2. Large deficits each year cause the total amount of interest paid in future years to be an ever-greater percentage of the federal budget. So, the government is faced with the problem of either borrowing even more in order to make interest payments, or cutting useful and effective programs because too much of our budget is directed toward payment of interest. We are very close to this situation right now.
3. Excessive federal debt causes us to lose control of our destiny. The best example of this is that one of the key things that Alan Greenspan has to think about before he reduces interest rates is the impact on foreign lenders to the United States. Because foreigners control significant amounts of Treasury bills and bonds, the U.S. government has to make sure that interest rates are high enough to continue to attract them.
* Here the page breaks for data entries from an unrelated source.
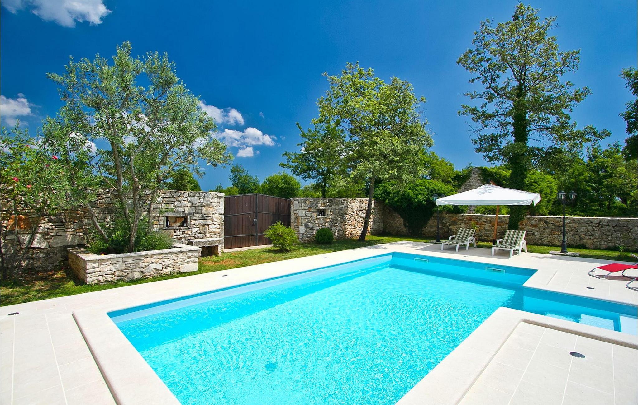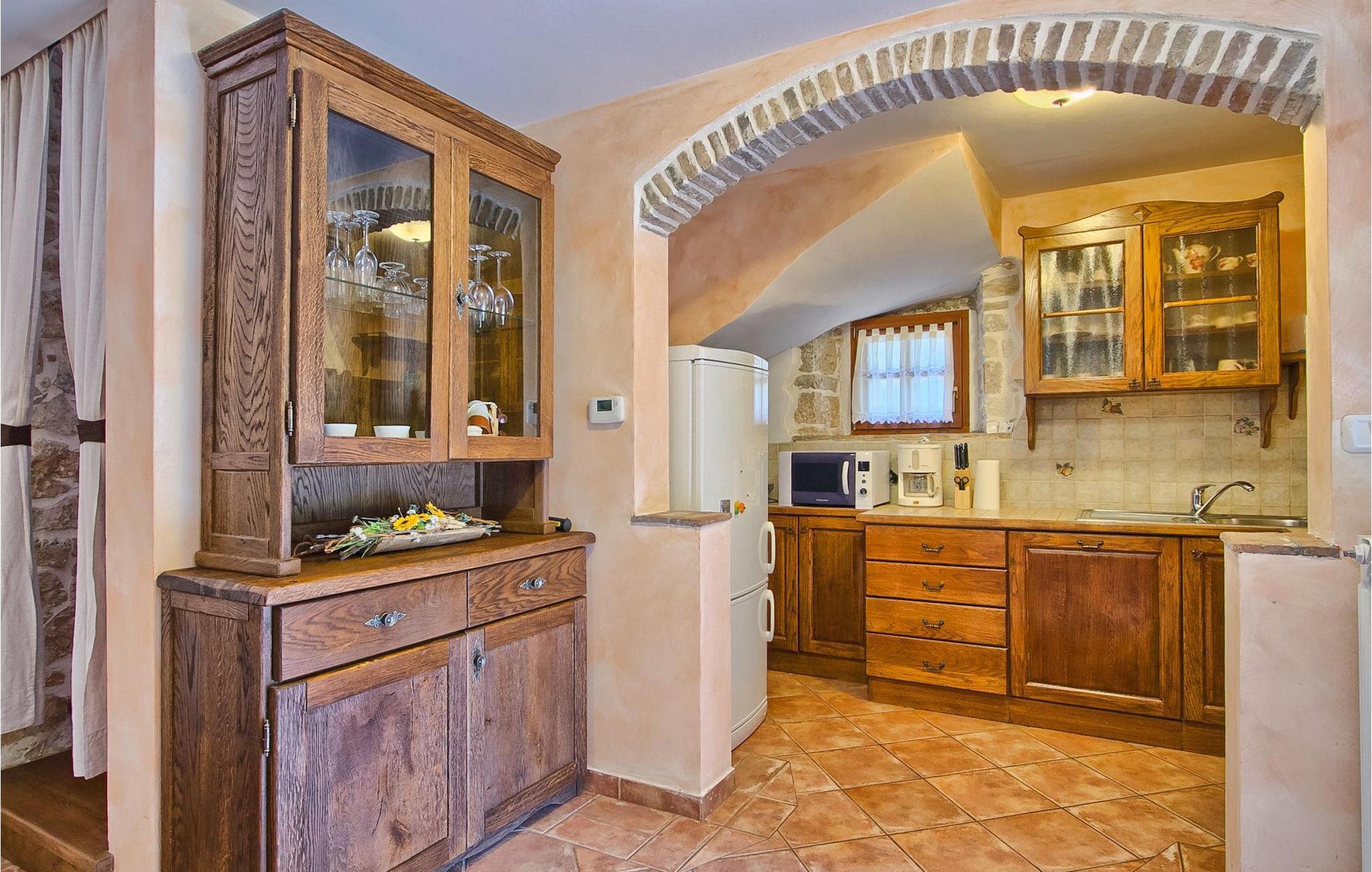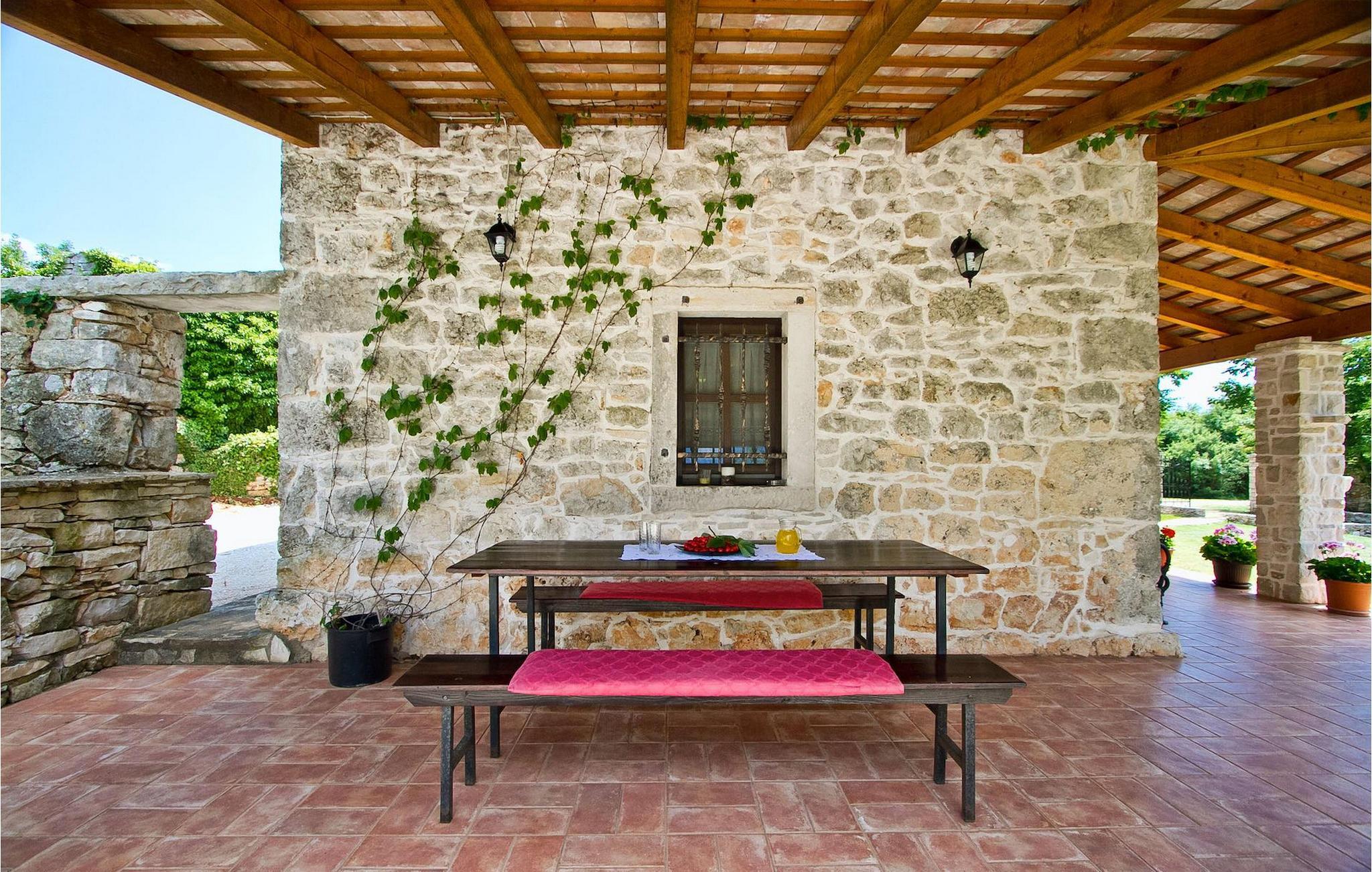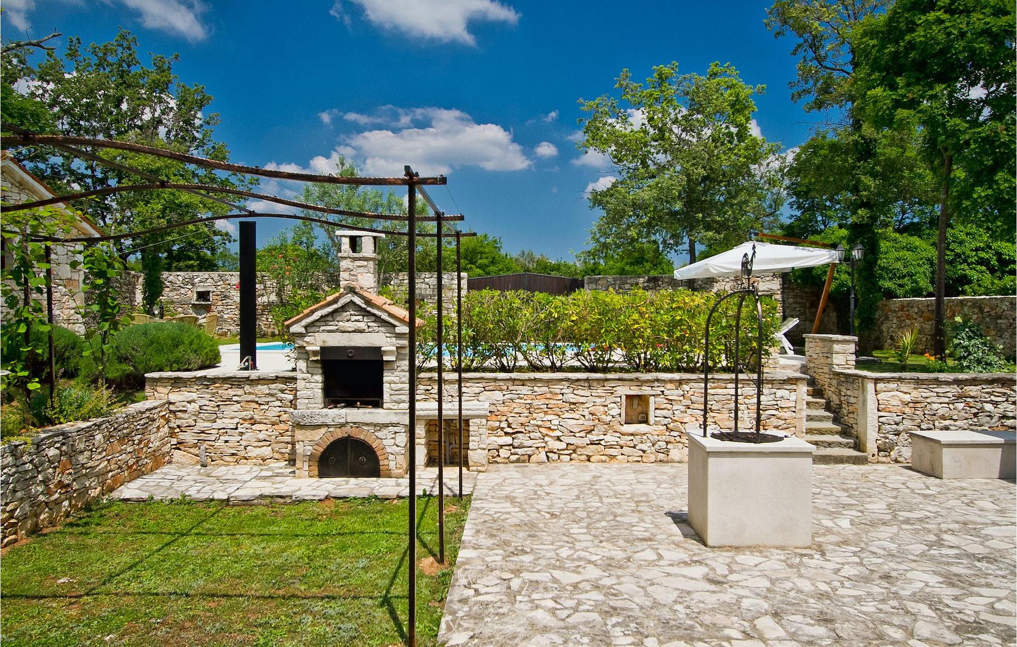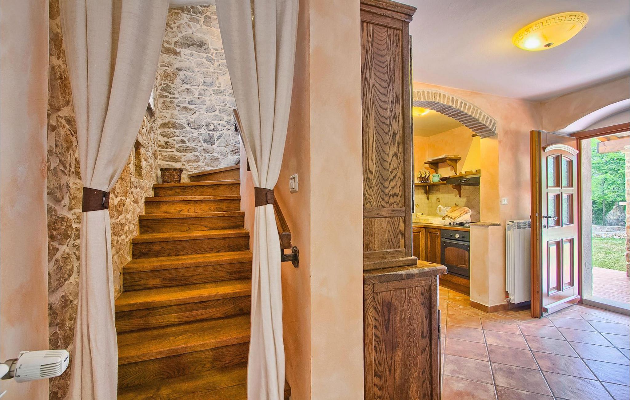 Denne charmerende stenbyggede villa tilbyder fred og privatliv for gæster, der søger ro og et tilflugtssted fra det hektiske moderne liv. Denne ensomme villa er beliggende på et roligt og privat stykke jord, og den byder på mange faciliteter; en privat swimmingpool, stenbygget grill, legeplads, streetballbane, badminton- og fodboldbane. Villaen kan komfortabelt rumme gæster i 2 soveværelser med dobbeltsenge, det ene med en babyseng, hvis du har brug for det. Soveværelset på første sal har et satellit-tv. Der er to badeværelser, det ene med massagebadekar. Villaen har en smuk og rummelig have fyldt med middelhavsurter, som skaber de perfekte rammer for en afslappende ferie i kombination med den private pool. Krnica er et lille sted i Istrien, der ligger lidt væk fra havet (5 min. kørsel). Det er den perfekte base for dagsture til de berømte byer Pula, Rovinj og Opatija. Krnica er også et glimrende sted at kombinere både afslapning og aktiv ferie. I den nærliggende havn er der et veludstyret dykkercenter, som henvender sig til både begyndere og øvede dykkere, der tilbyder dyk til gamle sunkne skibe, spektakulære undervandshuler, klipper og spændingen ved natdykning. Istriens østkyst byder på en mangfoldighed af strande og krystalklart hav. Den uberørte kyst afslører fredelige bugter med blide småsten, friske klipper badet i bølger og den rene hvidhed af glat sten kronet med aromatiske træsorter. Med sine mange kyst- og skovstier er dette område fantastisk til mountainbiking, lange afslappende gåture, ridning, men også som udgangspunkt for udflugter til at opdage det magiske Istrien. Krnicki Porat er en dejlig fiskerihavn, hvor du stadig kan se dens lange traditioner. Vigtigt: ungdomsgrupper er ikke tilladt.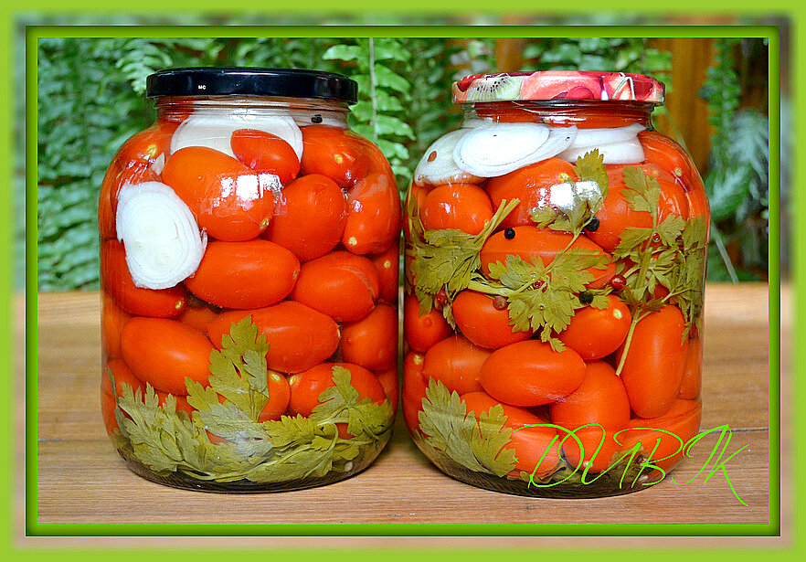 Помидоры, маринованные с луком и петрушкой — это прекрасная закуска на зиму. Они получаются ароматными и сочными. Такое блюдо всегда выручит вас, если к вам неожиданно нагрянут гости. Помидоры, консервированные с луком на зиму станут отменной закуской к мясу или гарниру. Да и просто, открыв такую баночку зимой вы всегда сможете насладиться приятным пикантным вкусом. Готовятся такие помидоры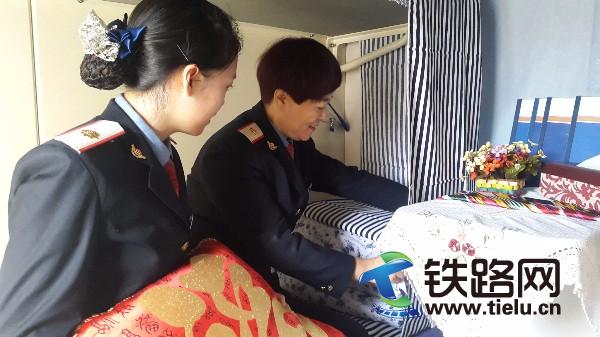 “宿營(yíng)車(chē)是一個(gè)班組的重點(diǎn)崗位,你們要有很強(qiáng)的接待意識(shí),要有眼色,干活要麻利,工作標(biāo)準(zhǔn)要比其他車(chē)廂高”;“宿營(yíng)車(chē)是乘務(wù)員休息的地方,除了要營(yíng)房化,還要把宿營(yíng)車(chē)布置的溫馨、舒適,讓乘務(wù)員感受到家的溫暖”。烏魯木齊鐵路局烏魯木齊客運(yùn)段北京三組的乘務(wù)員王麗榮一遍又一遍仔細(xì)叮囑著兩位徒弟,她恨不得把自己所有的工作經(jīng)驗(yàn)都傳授給她們。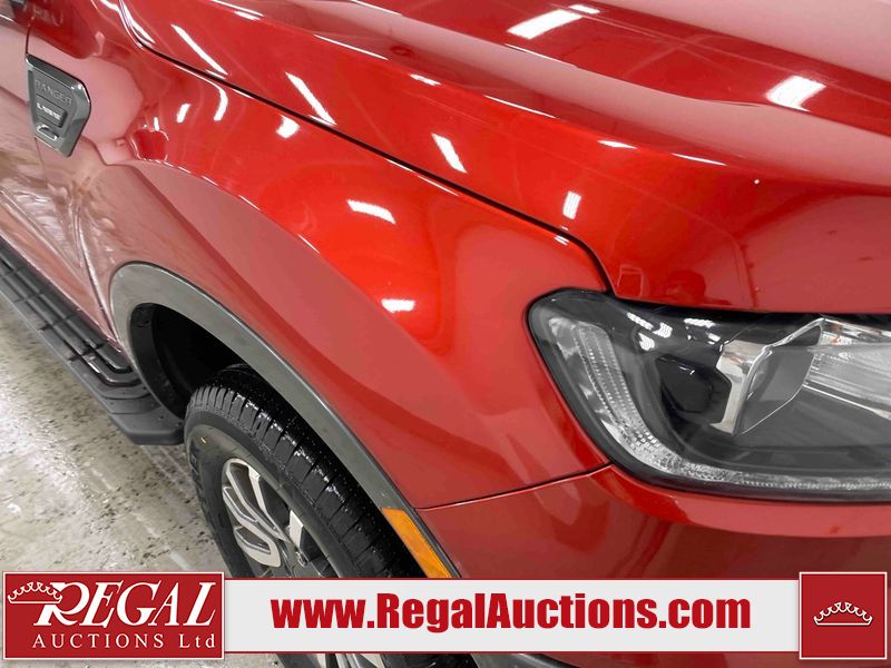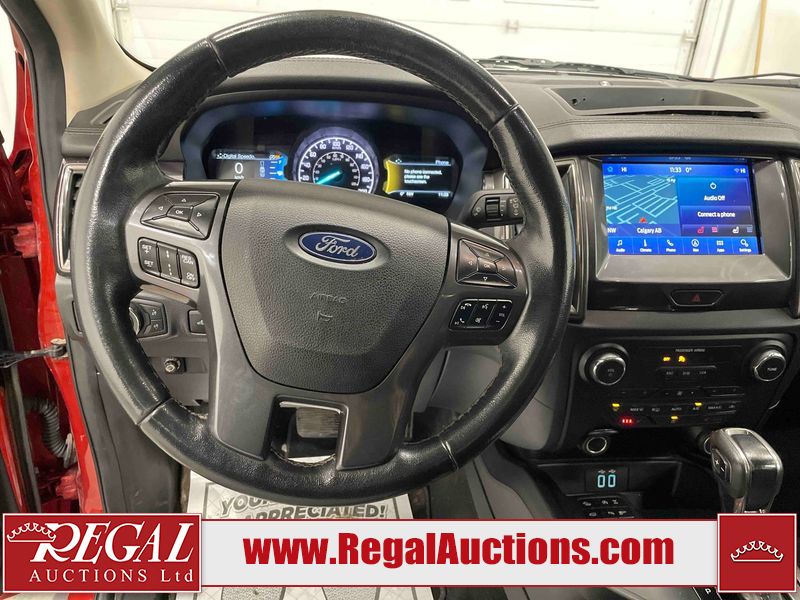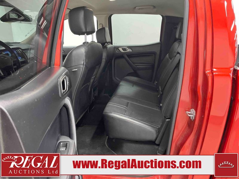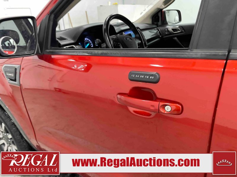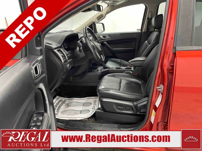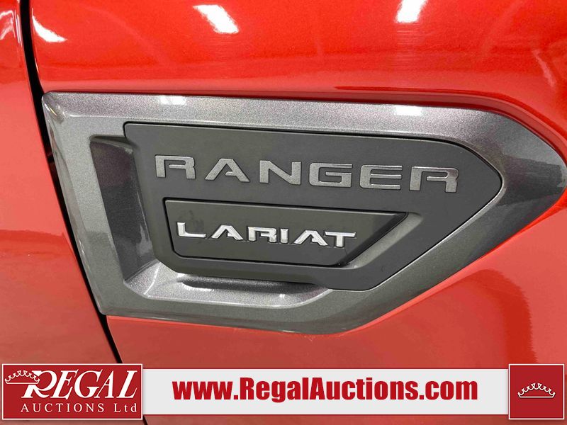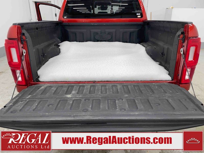 This 2019 FORD RANGER LARIAT SUPERCREW SWB 4WD 2.3L is powered by a 4 cylinder gasoline engine and an automatic transmission. It is equipped with four wheel drive. The truck has seats for 5 people. The truck has low mileage for its age. LARIAT is a very popular trim level. The vehicle has high value options including leather upholstery, power seats, heated seats, navigation, and a backup camera. The body looks to be in rough condition overall. There are a fair amount of chips on the front bumper. There are noteworthy scratches on the tail gate. There are scratches on the front bumper, hood, roof, left front fender, left front door, left rear door, left rear fender, rear bumper, right rear fender, right rear door, right front door, and right front fender. There is paint peeling on the front bumper and tail gate. There are minor chips on the grille, hood, roof, left front fender, left front door, left rear door, left rear fender, rear bumper, tail gate, right rear fender, right rear door, right front door, and right front fender. There is dent damage on the left rear fender and right rear fender. There is very minor dent damage in a few areas around the body. There is adhesive on the left rear, right rear and right front doors. The interior looks to be in rough condition overall. The dashboard is broken. The driver's seat, passenger seat, and rear seats are worn. The carpet is dirty. The roof liner is dirty. The plastic tray in the dashboard is lifting and broken. The windshield is cracked. All of the tires have lots of tread remaining.

It may be perfectly prudent for the Federal Reserve Board to reduce interest rates in order to stimulate the U.S. economy and perhaps help it out of a recession, but in the future we may not be able to do that because our No. 1 priority may be continuing to satisfy those foreign entities that invest in Treasury bonds. If this line of reasoning is correct, then we may be on our way to losing one of the key controlling influences that the federal government has in reducing the severity of an economic recession.
Also, many economists believe that at least some of the severe problems that we have been having with the dollar are related to our inability to balance our budget and the uncertainty that this creates. If you think that a reasonably strong dollar is not necessary, then give me some historical examples of countries with a strong economy and a long-term weak currency.
In conclusion, we have some choices to make. Medicare is scheduled to run out of money in 2002 and Social Security follows suit shortly thereafter. As the TV ad said so succinctly, “You can pay me now or pay me later.” The choice that we make on this issue will have a dramatic effect on the long-term success of our economy.
(John Mooney is president of Essex Investment Group Inc., a diversified financial services firm and real estate developer.)